A method (600) for manufacturing a mold (140) for receiving preforms (150) in a production line (10), the mold (140) being formed from mold segments (235), the method ( 600) comprises: separating (610) the mold segments (235) from a hardened structure (64); and separating (614) the mold segments (235) from each other.

The method (600) of claim 13, further comprising: cleaning (626) the mold segments (235).

The method (600) of claim 13 or 14, further comprising: moving (624) the mold segments (235) to a cleaning system (80).

The method (600) of claim 14 or 15, wherein: the cleaning (626) comprising applying (628) at least one cleaning chemical (82) to the mold segments (2335), the at least one cleaning chemical (82) selected from the group consisting of: solvents, water and soap.

The method (600) of any one of claims 13 to 16, further comprising: moving (622) the cured structure (64) to a new location in the manufacturing line (10) to receive further manufacturing processes.

The method (600) of any of claims 13 to 17, further comprising: moving (606) the mold (140) to a separation system (70) where the mold segments (235) are separated (614) from each other. .

The method (600) of any one of claims 13 to 18, further comprising: conveying (630) the mold segments (235) to a start position (52) for a setting station (100) that picks up the preforms (150) and places on the mold segments (235).

The method (600) of any one of claims 13 to 19, wherein: separating (614) the mold segments (235) from each other comprises removing (616) fasteners (242) from the mold segments (235).

The method (600) of any one of claims 13 to 20, further comprising: removing (620) release films (62) from the mold segments (235) after separating (610) the mold segments (235) from the said mold segments. cured structure (64), and prior to separating (614) the mold segments (235) from each other.

The method (600) of any one of claims 13 to 21, wherein:

separating (610) the mold segments (235) from the cured structure (64) includes vertically moving (612) the cured structure (64) to separate (610) the cured structure (64) from the mold segments (235) .

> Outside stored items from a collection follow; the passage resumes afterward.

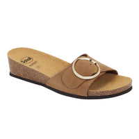 Amalfi mules combine combine femininity and touches of elegance on a simple and passe-partout design. The 4 cm wedge enhances the models that will embellish your clothing thanks to the golden circle that brightens a trendy coloured upper. The shoe is also flexible, lightweight and equipped with Scholl Bioprint® technology with the characteristic natural cork and rubber footbed designed to keep your foot in the right position. The Scholl Bioprint® footbed now has a soft core that will make your walk even more comfortable thanks to its new formula.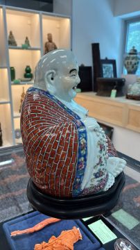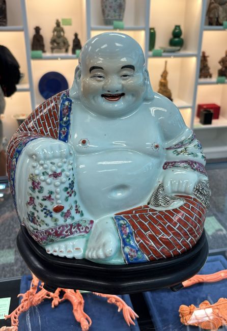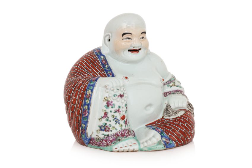 A FAMILLE ROSE PORCELAIN MODEL OF BUDAI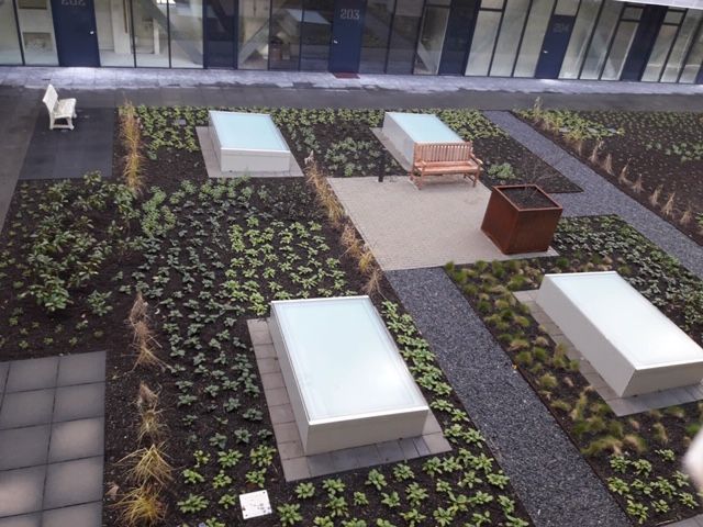 De passage heeft een minimale opbouw met een constructie van maximaal 7 centimeter, een uitdaging om dat voor elkaar te krijgen. De Enk heeft hier Schellevis-tegels van 80 x 80 en 5 centimeter dikte gelegd met een tegeltiller. De uitlijning is in samenspraak met de architect gedaan. Ook bij het realiseren van de binnentuin was het een uitdaging om efficiënt om te gaan met de beperkte ruimte en dakbelasting. Het dak is ingedeeld in drie verschillende belastingklassen. Dat is te zien aan de verschillende opbouwhoogtes. De Enk legde in dit deel tegels op tegeldragers, plaatste cortenstalen verhoogde bakken, verharde de wandelpaden met split en maakte terrassen en een vlonder met pergola. Het resultaat is een gevarieerde daktuin met verschillende materialen.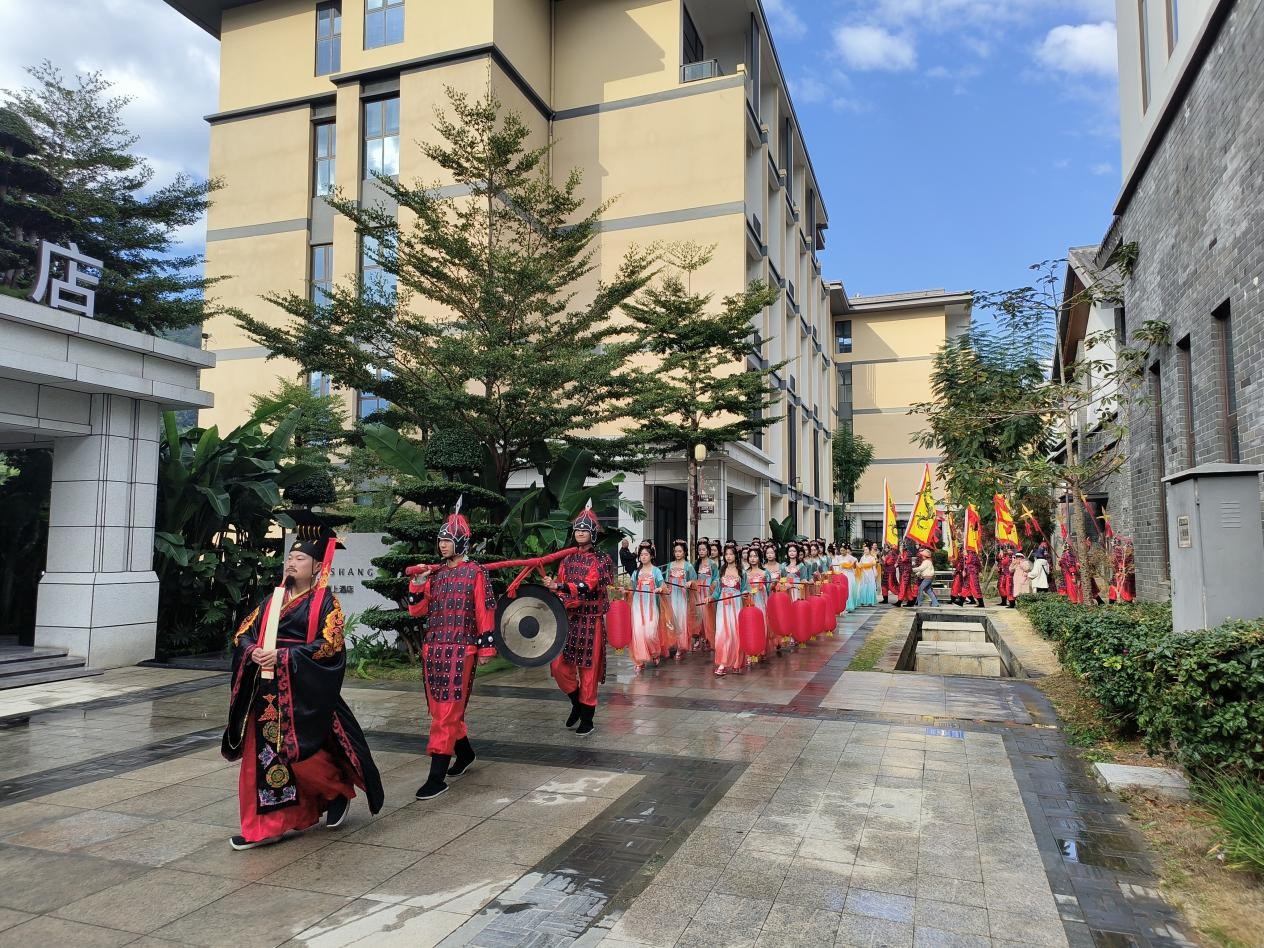 全國各地康養領域的專家、學者及來自各企業、協會的嘉賓代表在學生扮演的古人帶領下,領略迷昜古城各處風采。表演者的一聲聲“國泰民安,風調雨順,五谷豐登,六畜興旺”寓意著國家安定和平,人民生活安居樂業,國家太平無事,社會和諧安定,人民生活幸福。

The method (600) of any one of claims 14 to 16, further comprising: placing (400) the preforms (130) on the mold segments (235) via pick and place (PNP) machines (130). ), after the mold segments (235) have been cleaned (604).

The method (600) of any one of claims 13 to 23, wherein: separating (610) the mold segments (235) from the cured structure (64) comprises separating (610) the mold segments (235) of a cured portion (768) of a hull (750).

A portion (768) of an aircraft (750) assembled according to the method (600) of any one of claims 13 to 24.